I do not have any experience with that saw. However for my first scrollsaw I purchased a simular one, Poter Cable. I kept that one for about a year and a half. It worked fine and I have no real problems. I did upgrade to a DeWalt for the type of work I try to do. Accept the tool for what it is and use it for everything you can find. The are great for cuts that other tools can not make. I now have an old General Machine (I think) on my bench top that my neighbor gave me. Works great for a quick cut off or just one or two cuts.

Happy Scrollin'


----------



## NormG

I bought one (Delta) in 2005, it is on the stand and still has the plastic wrap on it. I had a back injury right after I purchased it and never got around to using it for what I had made the purchase for I will get around to using it someday


----------



## DocSavage45

Just purchased this saw on sale.

Looked at Porter cable which I love their tools but I didn't like the table. This little saw has all the bells and whistles but there are short comings. The saw is cast Iron in the places where needed. the table finish is rough, but usable. It is cast iron as well. The heaviness of this little saw appears to reduce vibration.

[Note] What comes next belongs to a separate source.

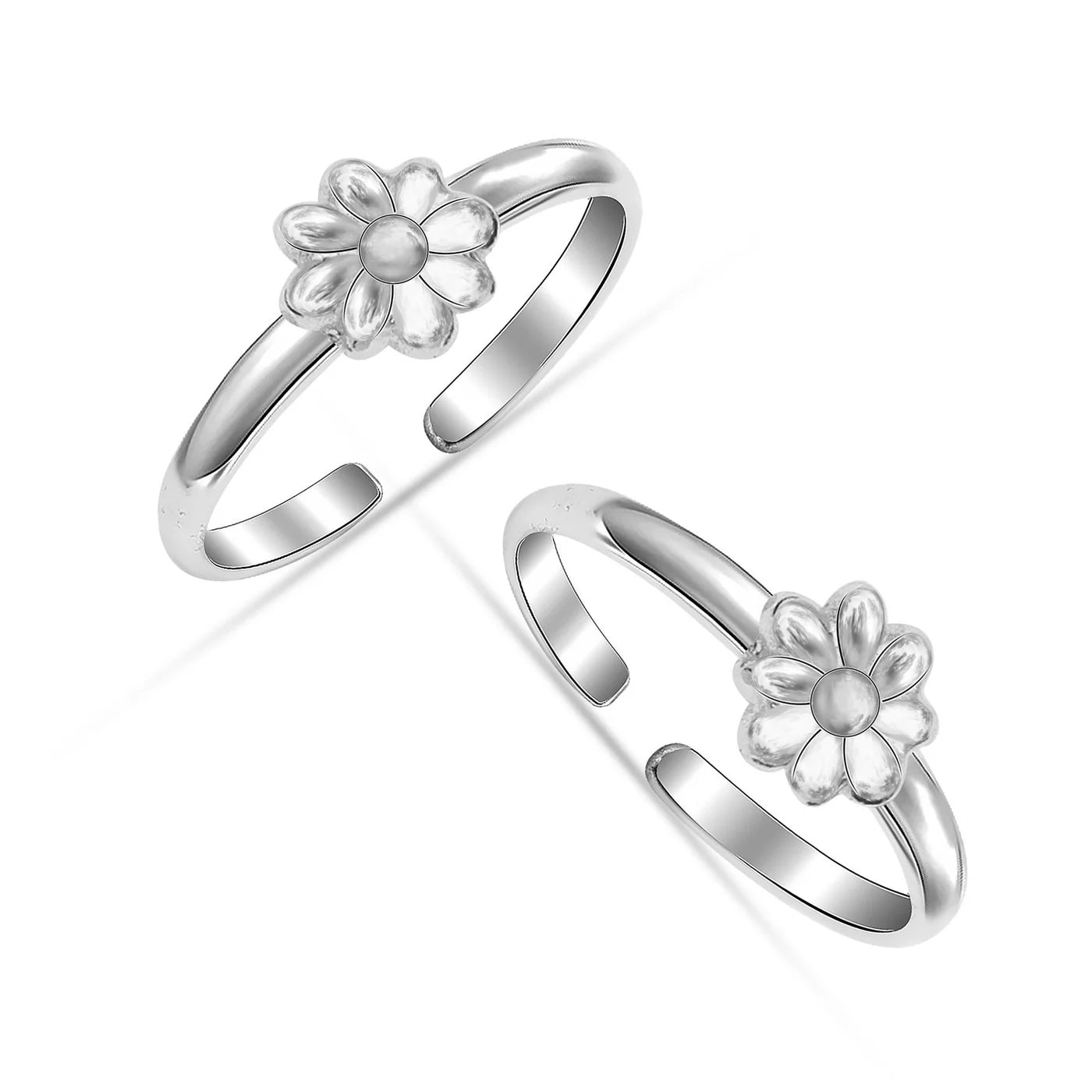 A subtle matte-finish flower sits at the center of this elegant silver band. Crafted in 925 sterling silver for a soft floral touch. Feminine, dainty, and suitable for gifting.

I have recently rehabbed an old Delta 18 inch40-650 C arm saw. Had to wait months for the parts. Probably should have purchased the craftsman 6 months ago. I'd be farther along in my cutting skills. I've added a dead man switch for efficiency and I had a flex arm desk lamp that adds additional lighting.

I am also using it to compare with my rehabbed Delta and figure out my cutting skills. Now there's a problem I can't repair. LOL!


----------